Marshall got me subscriptions to poetry magazines this Christmas—hoping that reading poetry and getting glimpses of the larger world of writing will inspire me to start writing again—what a man—and this one is my favorite. Poetry is a poet’s dream. The American Poetry Review is great, but it’s made of big sheets of newsprint stapled at the spine. Completely and utterly superficial concern, and silly of me to swoon over Poetry’s thick, ivory, perfect-bound pages, but you can understand why: in this magazine’s world, poems are treated like messengers of God. And I need that sense to suffuse my writing life again.

So I’m revisiting a technique Dr. Kallet at UT uses in her classes, and probably most prolific poets everywhere also use, which is ‘a poem a day.’ (Or, when extra motivation is required, ‘a poem a day, bitch.’) When I write every day, I rarely get blocked by The Censor, and therefore end up, at the end of three months, with a few poems worth editing. And I NEED to do this while new motherhood is raw and astonishing. Also I don’t have time to write these long, sprawly journal entries, so the condensed nature of the poetic line will reward the moments I do have available. Perfect.

So this morning while the baby slept, I read Poetry and drank coffee in the living room, dryer running in the back of the house, odd moments of sunlight on the street outside shadowed by dark, low-lying clouds. Since Mary slept for—are you ready—four and a half hours straight last night, and then another two hours after that—I obviously feel like my old self, like a new woman. The first line of the first poem I’ve written since I was pregnant is: After four and a half hours of unbroken sleep, I feel like a swan.

And I really do.
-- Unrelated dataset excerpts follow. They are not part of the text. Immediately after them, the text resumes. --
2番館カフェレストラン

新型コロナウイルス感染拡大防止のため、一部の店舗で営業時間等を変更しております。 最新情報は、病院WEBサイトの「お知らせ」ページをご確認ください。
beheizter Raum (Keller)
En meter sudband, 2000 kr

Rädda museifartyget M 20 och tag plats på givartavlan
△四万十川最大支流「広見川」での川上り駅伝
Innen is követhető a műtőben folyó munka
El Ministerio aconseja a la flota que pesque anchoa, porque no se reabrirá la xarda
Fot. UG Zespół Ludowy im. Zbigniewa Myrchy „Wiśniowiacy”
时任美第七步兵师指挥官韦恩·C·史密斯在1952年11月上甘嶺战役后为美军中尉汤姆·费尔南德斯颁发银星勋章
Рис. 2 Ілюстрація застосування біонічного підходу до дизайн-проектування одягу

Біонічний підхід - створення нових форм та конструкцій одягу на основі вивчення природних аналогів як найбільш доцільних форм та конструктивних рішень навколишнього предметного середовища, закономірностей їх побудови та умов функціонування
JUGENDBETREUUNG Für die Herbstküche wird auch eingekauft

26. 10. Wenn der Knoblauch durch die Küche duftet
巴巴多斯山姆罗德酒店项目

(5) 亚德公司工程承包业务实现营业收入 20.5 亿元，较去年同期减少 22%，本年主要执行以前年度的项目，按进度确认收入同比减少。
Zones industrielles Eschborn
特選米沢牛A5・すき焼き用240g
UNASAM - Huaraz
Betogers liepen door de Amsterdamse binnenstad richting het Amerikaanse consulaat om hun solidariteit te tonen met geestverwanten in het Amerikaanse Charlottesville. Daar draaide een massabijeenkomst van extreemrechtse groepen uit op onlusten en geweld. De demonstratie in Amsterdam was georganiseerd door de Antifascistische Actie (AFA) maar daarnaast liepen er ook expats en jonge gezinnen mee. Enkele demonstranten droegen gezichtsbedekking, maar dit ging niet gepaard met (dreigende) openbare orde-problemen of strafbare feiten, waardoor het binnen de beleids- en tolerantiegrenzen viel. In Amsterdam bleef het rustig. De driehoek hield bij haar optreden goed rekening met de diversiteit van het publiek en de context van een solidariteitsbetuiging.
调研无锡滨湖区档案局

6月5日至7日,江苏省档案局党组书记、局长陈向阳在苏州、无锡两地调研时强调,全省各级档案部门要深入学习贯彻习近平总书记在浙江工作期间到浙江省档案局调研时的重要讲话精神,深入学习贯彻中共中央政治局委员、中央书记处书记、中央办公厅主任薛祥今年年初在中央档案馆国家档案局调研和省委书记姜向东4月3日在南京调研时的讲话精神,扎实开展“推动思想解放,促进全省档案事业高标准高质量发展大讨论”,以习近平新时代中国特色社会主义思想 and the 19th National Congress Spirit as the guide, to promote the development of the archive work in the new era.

I have that magical feeling, that I am strong and well, that my life holds its hand open to me; that God is offering me time and space, time and space in which to live and move and have my being. No concrete thing comes to mind that I should do or not do, today—I just am lifted by a feeling of opportunity, another chance, and of capability. Definitely not things I felt even yesterday. I’ve been afraid that my moments of exhaustion, and often-resultant anger at Mary will have lasting repercussions. Thinking about moments of my parents’ exhaustion, emotional disconnect, and anger that I remember from early childhood are frightening when I see those things surfacing in myself—and the horrifying things one reads about epigenetics, these days. Oh my god. Am I allowed another chance to be a good and patient mother in this lifetime? To be a good mother and a good wife simultaneously?

Rhetorical questions. Since love is itself an opportunity, and everyone is capable of love.